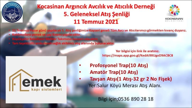 Kocasinan Argıncık Avcılık ve Atıcılık Derneği tarafından geleneksel olarak düzenlenen Atış Şenliği’nin 5.’si Salur Köyü Merası Atış Alanı’nda 11 Temmuz Pazar günü yapılacak.
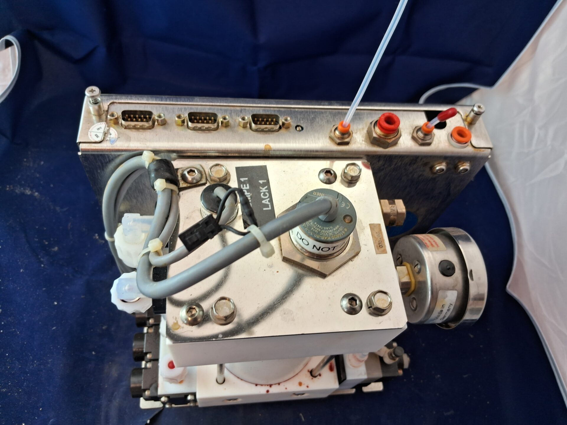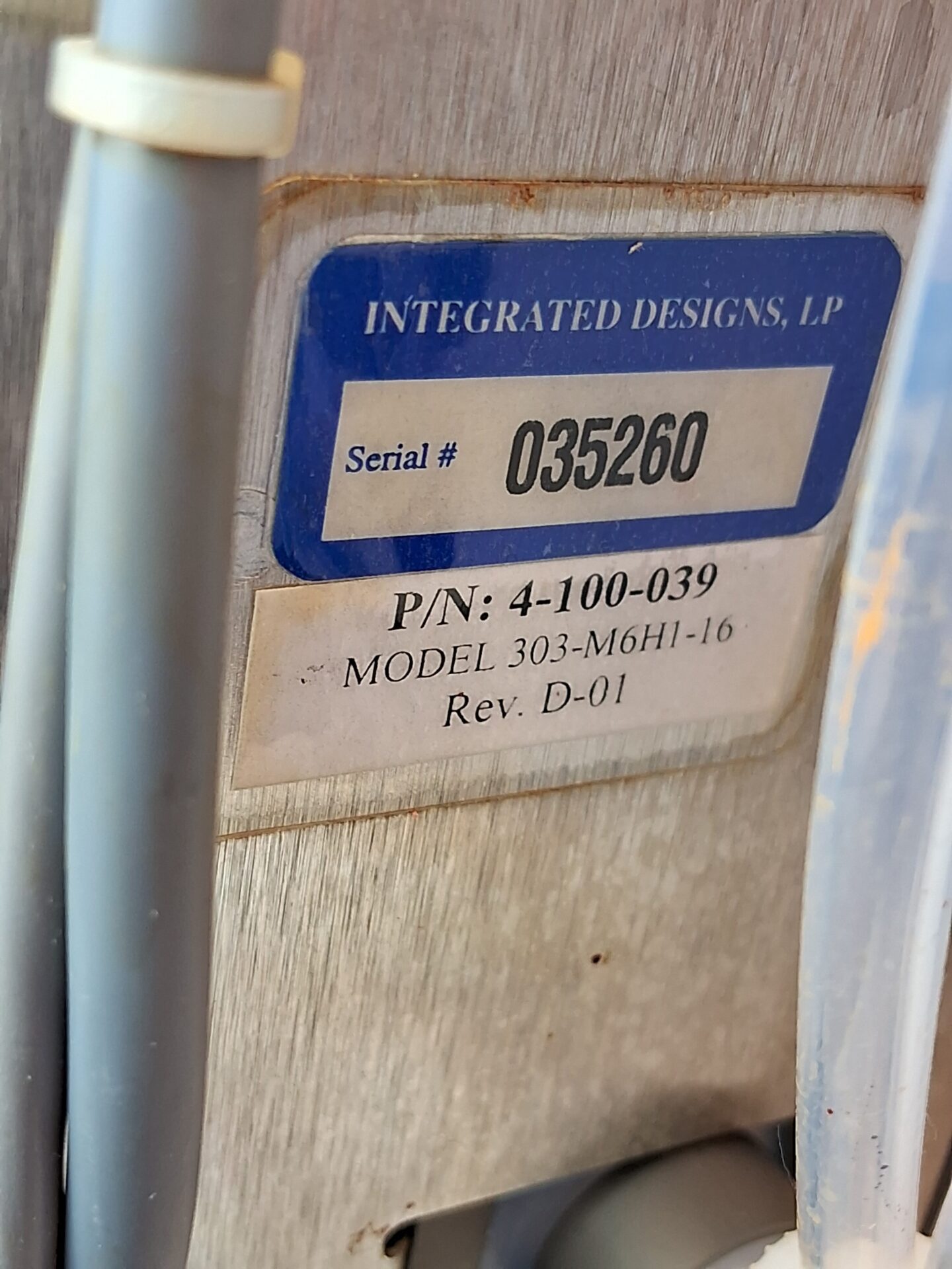 Precision Industrial Instrument Professional mass flow control instrument: Integrated Designs, LP Model 303-M6HI-16 mass flow controller, fully assembled and functional precision instrumentation with complete control interface. Serial Number: 035260, Part Number: 4-100-039, Revision D-01.
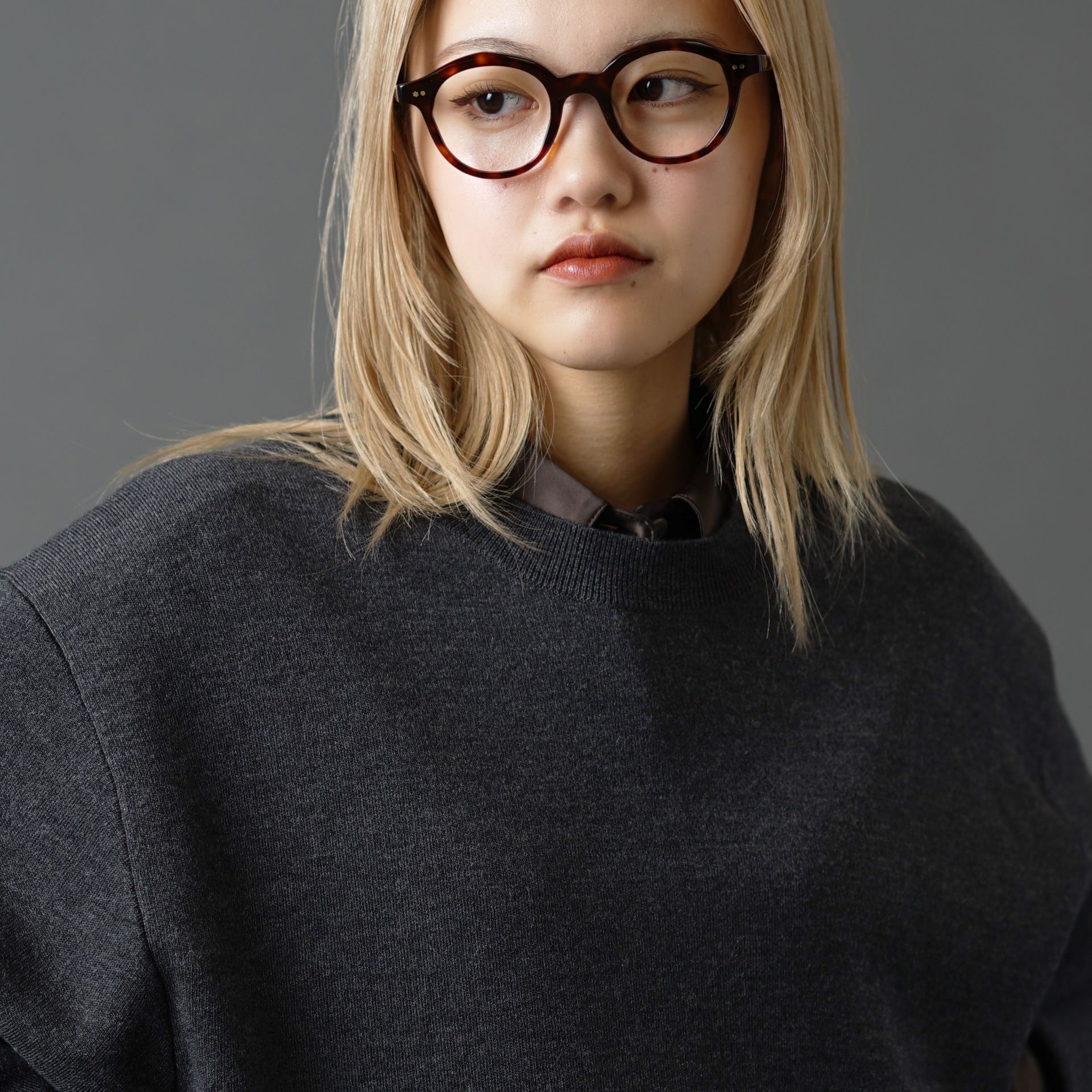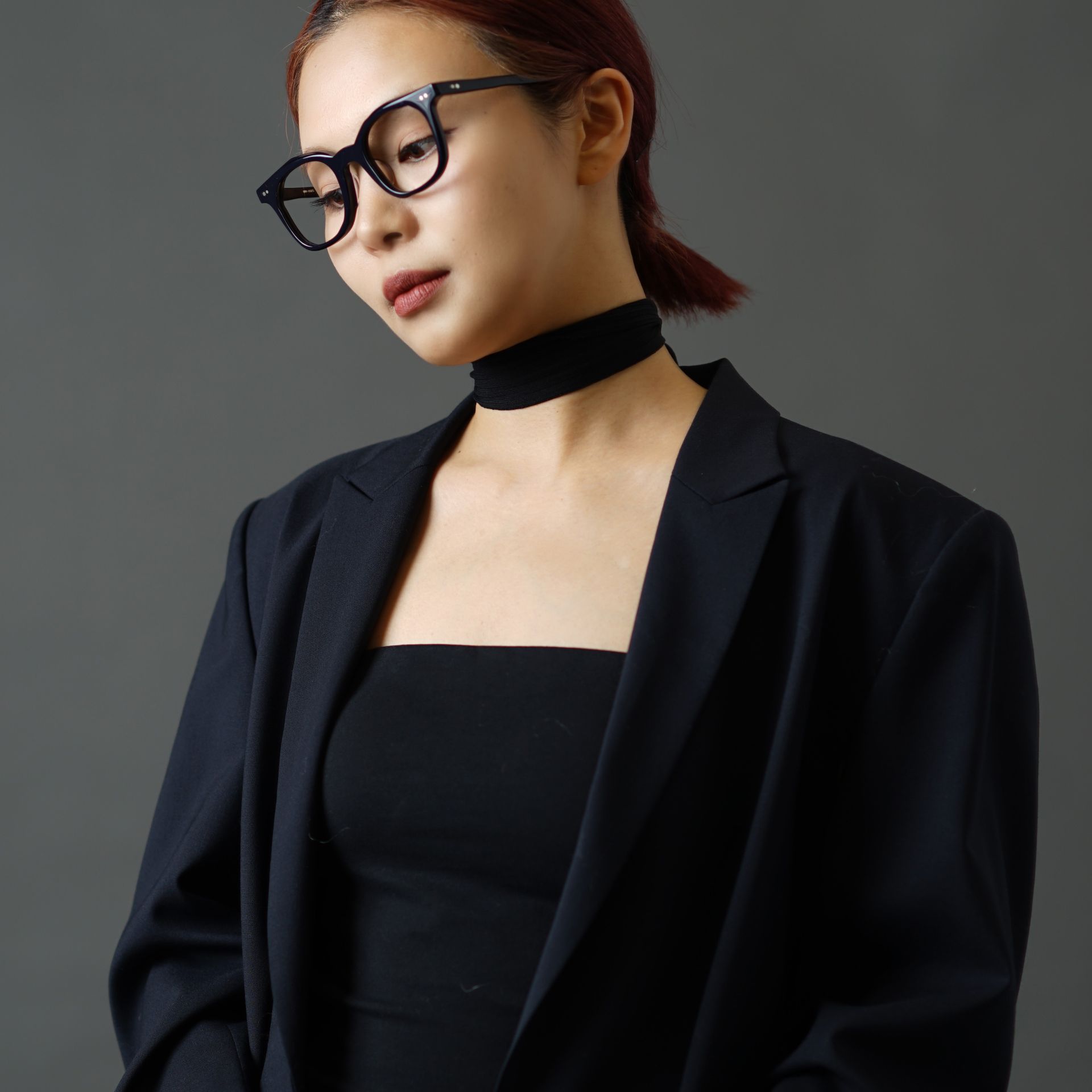 ラウンド型のフレームシェイプは、クラシックな印象になりすぎないように、セットアップで全体的に女性らしい印象にしています。
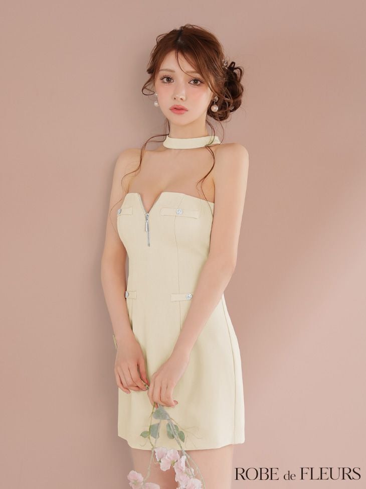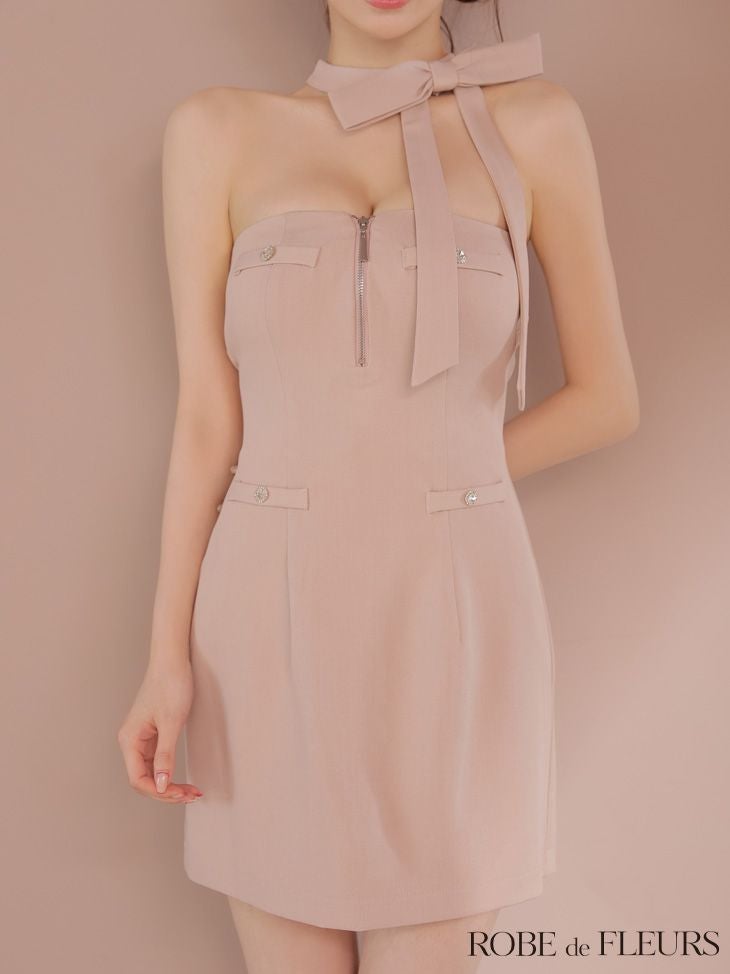フェミニンな色気を醸し出す♡ [ROBEdeFLEURS/ローブドフルール] 高級 ホルターネック バストジップ ネックリボン 谷間魅せ タイトミニドレス (伊藤舞雪着用)

> Problem requirements: Only the lines from the one holding "ラウンド型のフレームシェイプ" through the end of the data are to be printed, exactly as they stand and with no pictures.

> Exercise response:
 ラウンド型のフレームシェイプは、クラシックな印象になりすぎないように、セットアップで全体的に女性らしい印象にしています。
フェミニンな色気を醸し出す♡ [ROBEdeFLEURS/ローブドフルール] 高級 ホルターネック バストジップ ネックリボン 谷間魅せ タイトミニドレス (伊藤舞雪着用)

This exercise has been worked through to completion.